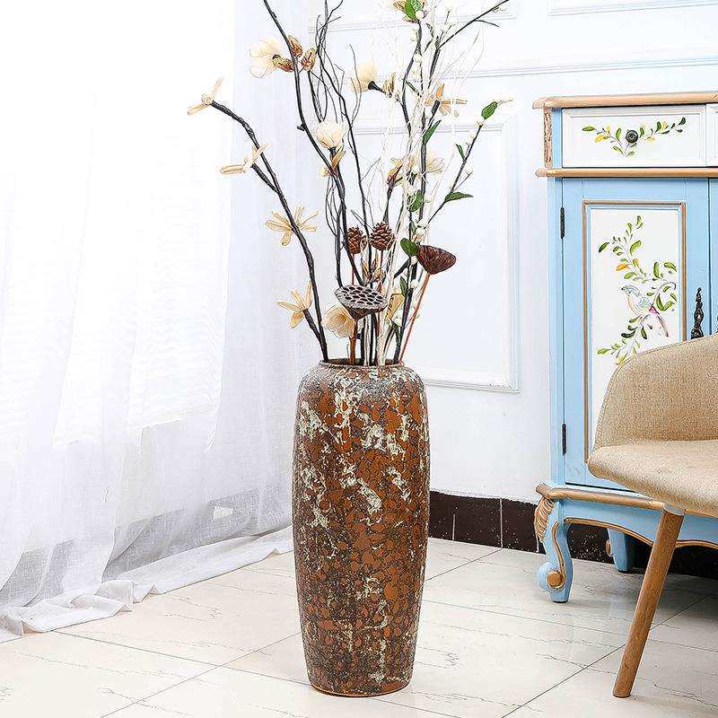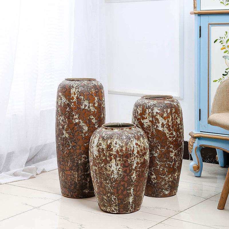 陶瓷花瓶 复古做旧落地大花瓶欧式摆件家居软装饰品 配家具大花瓶
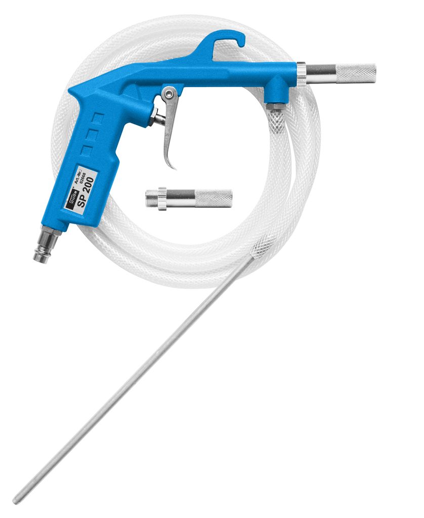 Jednou z klíčových vlastností této pistole je 2 metry dlouhá sací hadice vybavená injektorem. Tato hadice umožňuje přímé nasávání tryskacího materiálu z externích zásobníků nebo pytlů, což zvyšuje pohodlí a efektivitu práce, protože není nutné opakovaně doplňovat materiál manuálně.
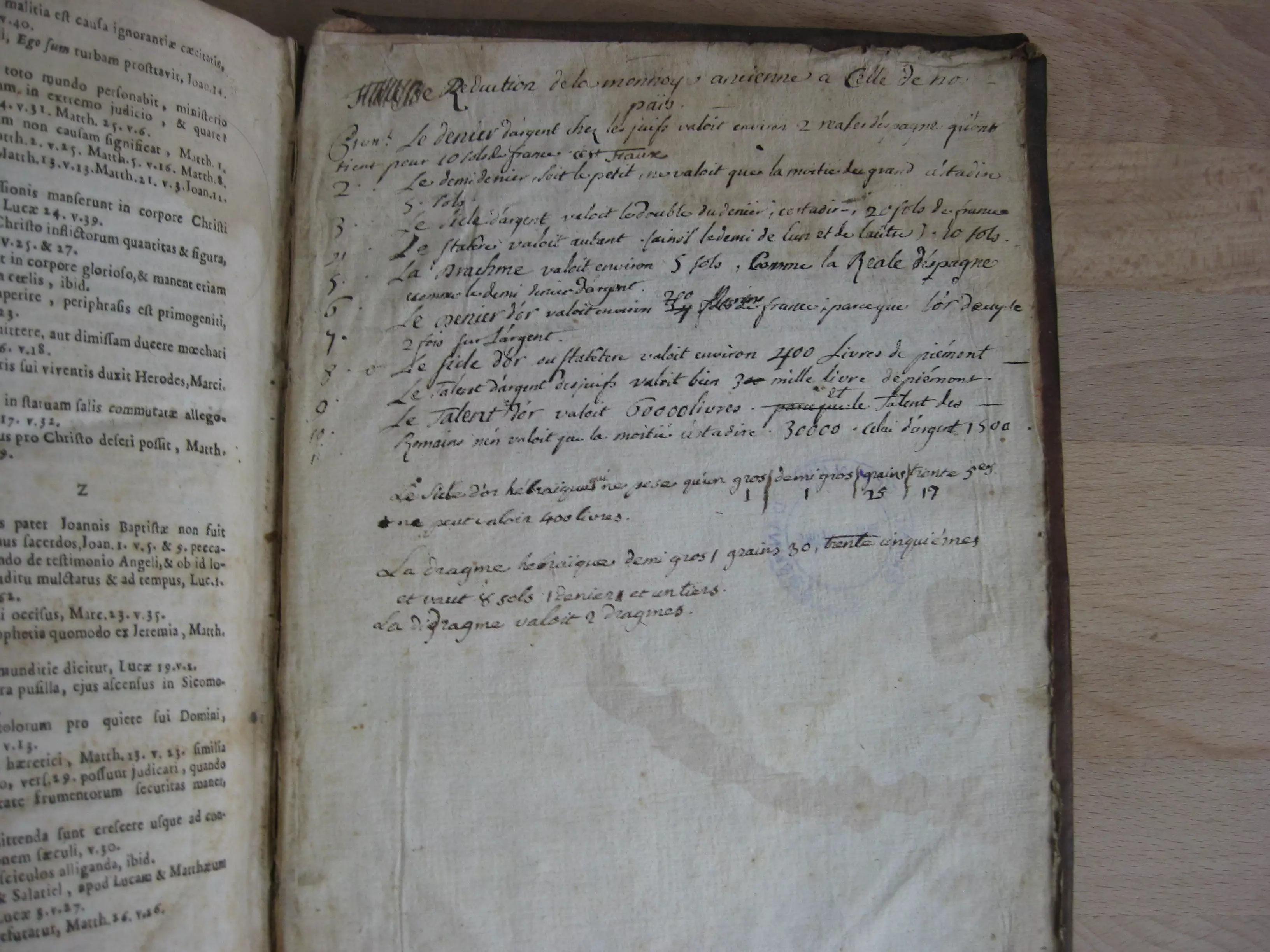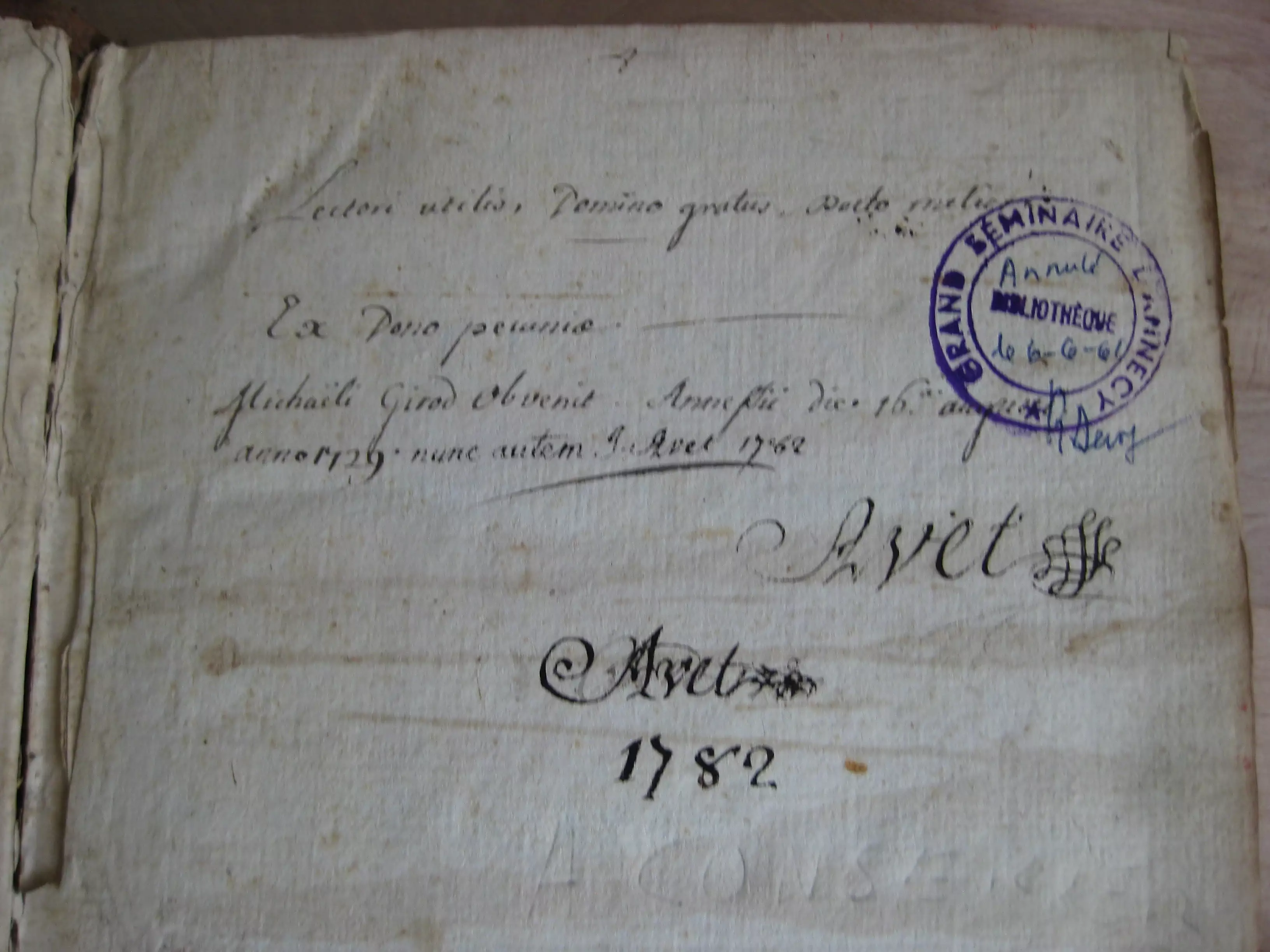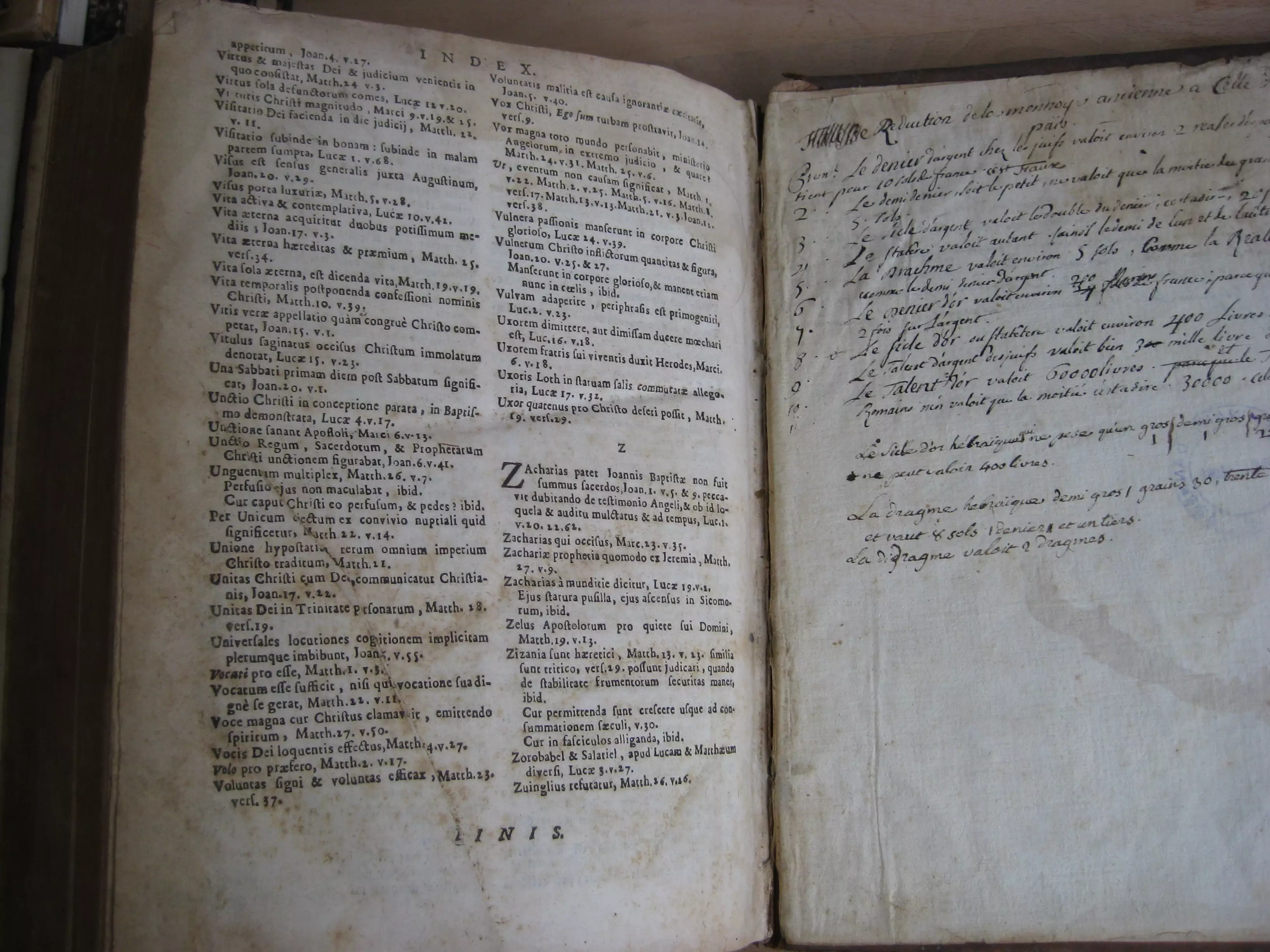 Exemplaire enrichi en garde d’un ex-dono latin manuscrit, de l’ex-libris manuscrit du donataire, et un cachet du Grand Séminaire d’Annecy, répété au titre et en dernière page. Exemplaire également enrichi au recto et verso de cette dernière page de deux textes manuscrits en français : au recto, « Réduction de la monnoye ancienne à celle de nos païs », (18 lignes abordant le denier d’argent, demi-denier, drachme, denier d’or, sicle hébraïque, etc. ; au verso : au verso « Remarques [sur la ] vie des pharisiens extérieure » (9 lignes).

- _Exercise prompt_:
Everything from the line containing "Jednou z klíčových" to the final line of the listing above, both ends included, should be transcribed word for word, except for the pictures.

- _Completed task_:
 Jednou z klíčových vlastností této pistole je 2 metry dlouhá sací hadice vybavená injektorem. Tato hadice umožňuje přímé nasávání tryskacího materiálu z externích zásobníků nebo pytlů, což zvyšuje pohodlí a efektivitu práce, protože není nutné opakovaně doplňovat materiál manuálně.
 Exemplaire enrichi en garde d’un ex-dono latin manuscrit, de l’ex-libris manuscrit du donataire, et un cachet du Grand Séminaire d’Annecy, répété au titre et en dernière page. Exemplaire également enrichi au recto et verso de cette dernière page de deux textes manuscrits en français : au recto, « Réduction de la monnoye ancienne à celle de nos païs », (18 lignes abordant le denier d’argent, demi-denier, drachme, denier d’or, sicle hébraïque, etc. ; au verso : au verso « Remarques [sur la ] vie des pharisiens extérieure » (9 lignes).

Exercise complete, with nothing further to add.